Dam Üstünde Saksağan

Haksöz

Oguzhan Asıltürk'ün İstihbaratçıları Kim?

"RP Grup Başkanvekili Oğuzhan Asiltürk Cumhurbaşkanı Demirel'in Anıtkabir'de Atatürk'ün mozolesine çelenk koyacağı sırada bir kişinin atılarak, "Kur'an yolundan gidin. Bu taş sizi kurtarmaz. Kur'an kurtarır" şeklinde bağırmasını "Tam bir provakasyon" olarak değerlendirdi. Asiltürk, bütün önemli olayların arafesinde bu tür provokasyonların yaşandığına işaret etti. Kendisinin 10 Kasım törenlerinin yapılacağı sırada bazı provokasyonların olacağı yönünde duyumlar aldığını, hükümetin bu tür şeylerden haberdar olmamasının düşünülemeyeceğini kaydeden Asiltürk "Çünkü bana duyum olarak gelen şeyler hükümete rapor olarak gidiyordu." dedi.

Milli Gazete, 11 Kasım 1994

Mahmut Kaçar'ın Provokatörlüğünü Kim Bildirdi (?)
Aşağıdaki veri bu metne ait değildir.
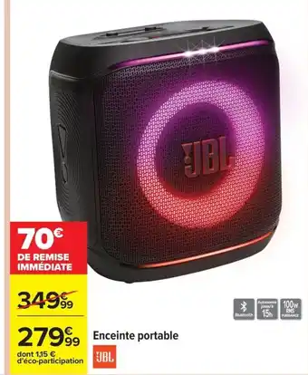 En plus de l'offre JBL Enceinte portable, Carrefour propose une large gamme de produits. Consultez le Catalogue Carrefour hebdomadaire pour découvrir les meilleures offres et promotions. En plus de JBL Enceinte portable, il y a aussi : JBL Enceinte bluetooth portable, JBL Enceinte sans fil & Jbl - enceinte partybox c 120.
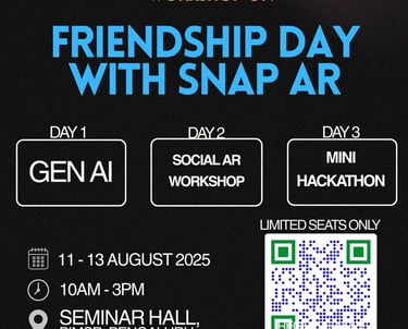 Join us for an engaging workshop on Gen AI, Snap AR, and a mini hackathon to celebrate friendship day.
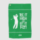 Cute golfer quote "Tee It High & Let it Fly!" design features a fun mid-century font in white on a solid kelley green background combined with a masculine golfer silhouette also in white. Customise with monogrammed initials, name or short text with the simple-to-use template. The colour of the quote, golfer and towel is customisable. The font colour or style of the initials may also be customised. The typography and golfer are vector graphic designs and can be easily transferred to other Zazzle products large, or small, and will retain clarity without pixelating. Message with custom colour requests of questions.

"Mustafa Kemal Atatürk'ün ölümünün 56. yıldönümü dolayısıyla Anıtkabir'de düzenlenen tören sırasında, provokatör olduğu belirtilen birisi, Atatürk'ün ölüm saati olan 09.05'de mozolenin önünde sıralanan protokol mensuplarına "Bu taşlar sizi duymaz " diye bağırdı..."

ZAMAN, Kasım 994

Fehmi Koru ve Provokasyon Takıntısı

"Olay masum bir 'kafaya takma' olabileceği gibi, bir yönüyle "provokasyon" kokuyor. Son yıllarda milli bayramlar öncesi ve sonrasında alıştığımız türden bir provokasyon söz konusu olabilir. Tam o tarihlere yakın günlerde eski yeni bir gerekçe bulunarak -yoksa, zorlama olaylara başvurularak- ortalığın karışması sağlanıyor. Yürüyüşler, toplantılar ve mitinglerle, ülkenin değişik katmanları arasındaki husumetlerin derinleşmesi için başvurulan hainane bir yöntem bu... Vanlı memurun girişimi, böylesine bir tahrikle ilgili olabilir.

"Provokasyon" denildiğinde yanlış anlaşılan bir nokta var. Proyokasyon olayına karışan kişinin, kendinin neye/kime alet olduğunu bilmemesi de mümkündür. Bir küçük memur, neden bir başka zaman değil de bu 10 Kasım'da zahmetli bir yolculuğu ve tehlikeleri göze alarak, böyle bir gösteriyi sahneye koymuştur?.."

Fehmi Koru, ZAMAN, Kasım 1994

"Atatürk'ün Mezarı Başında Saygısızlık" Mı (?..)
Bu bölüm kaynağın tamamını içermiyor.